## Data for this exercise:
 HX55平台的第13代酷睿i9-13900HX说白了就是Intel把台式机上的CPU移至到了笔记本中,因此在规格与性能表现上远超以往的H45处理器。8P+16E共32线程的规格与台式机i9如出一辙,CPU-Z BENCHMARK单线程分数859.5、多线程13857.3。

---

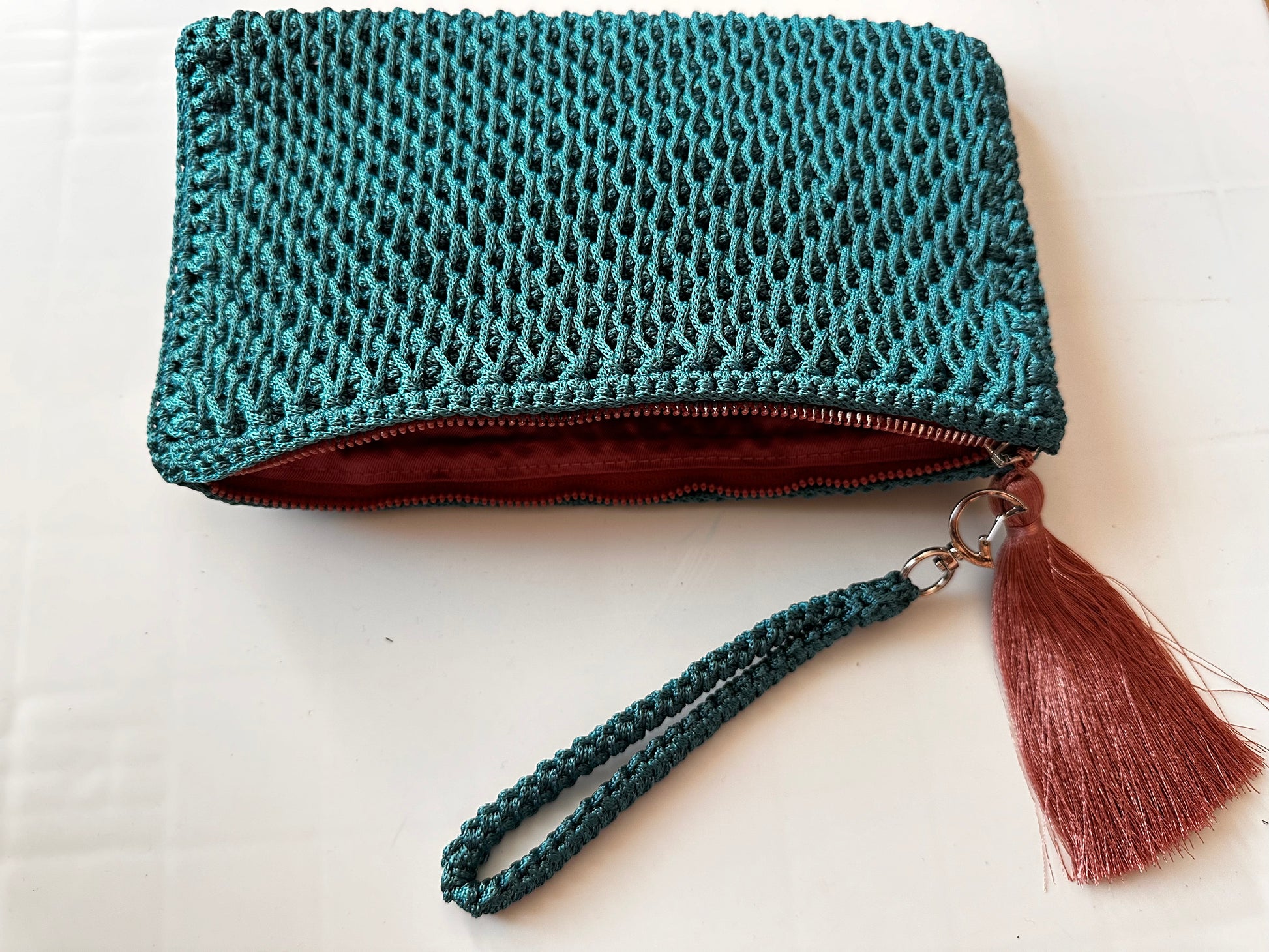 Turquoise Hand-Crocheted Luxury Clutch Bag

---

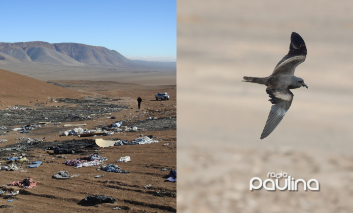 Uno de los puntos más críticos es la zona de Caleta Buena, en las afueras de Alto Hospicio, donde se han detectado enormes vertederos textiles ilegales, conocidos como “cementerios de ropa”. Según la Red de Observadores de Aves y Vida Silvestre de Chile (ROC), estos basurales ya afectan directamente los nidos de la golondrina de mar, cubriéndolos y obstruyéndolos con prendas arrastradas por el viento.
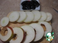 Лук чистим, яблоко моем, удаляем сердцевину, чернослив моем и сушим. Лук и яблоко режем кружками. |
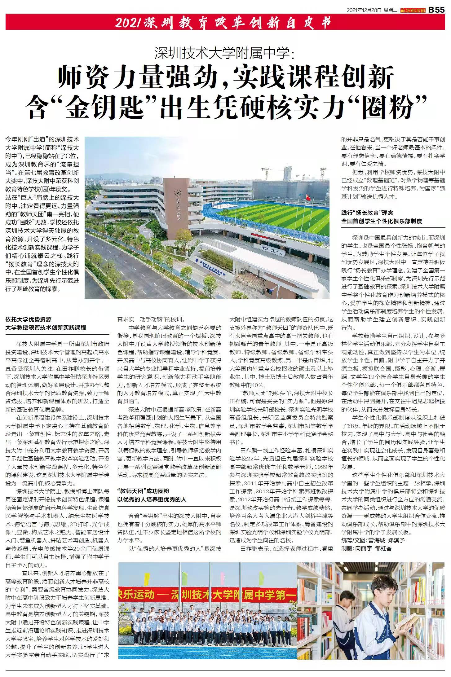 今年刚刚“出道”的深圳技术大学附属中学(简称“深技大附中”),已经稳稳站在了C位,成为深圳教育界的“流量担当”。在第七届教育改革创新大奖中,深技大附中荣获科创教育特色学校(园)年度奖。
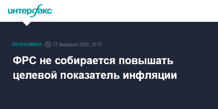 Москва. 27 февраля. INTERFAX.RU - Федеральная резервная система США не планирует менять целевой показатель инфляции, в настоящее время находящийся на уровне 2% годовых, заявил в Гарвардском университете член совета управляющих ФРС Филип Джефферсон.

## Work order:
What to print is the stretch of entries from the line with "Uno de los puntos" up to and including the line with "Москва. 27 февраля.". Please print it exactly and leave out the pictures.

## Solution:
 Uno de los puntos más críticos es la zona de Caleta Buena, en las afueras de Alto Hospicio, donde se han detectado enormes vertederos textiles ilegales, conocidos como “cementerios de ropa”. Según la Red de Observadores de Aves y Vida Silvestre de Chile (ROC), estos basurales ya afectan directamente los nidos de la golondrina de mar, cubriéndolos y obstruyéndolos con prendas arrastradas por el viento.
 Лук чистим, яблоко моем, удаляем сердцевину, чернослив моем и сушим. Лук и яблоко режем кружками. |
 今年刚刚“出道”的深圳技术大学附属中学(简称“深技大附中”),已经稳稳站在了C位,成为深圳教育界的“流量担当”。在第七届教育改革创新大奖中,深技大附中荣获科创教育特色学校(园)年度奖。
 Москва. 27 февраля. INTERFAX.RU - Федеральная резервная система США не планирует менять целевой показатель инфляции, в настоящее время находящийся на уровне 2% годовых, заявил в Гарвардском университете член совета управляющих ФРС Филип Джефферсон.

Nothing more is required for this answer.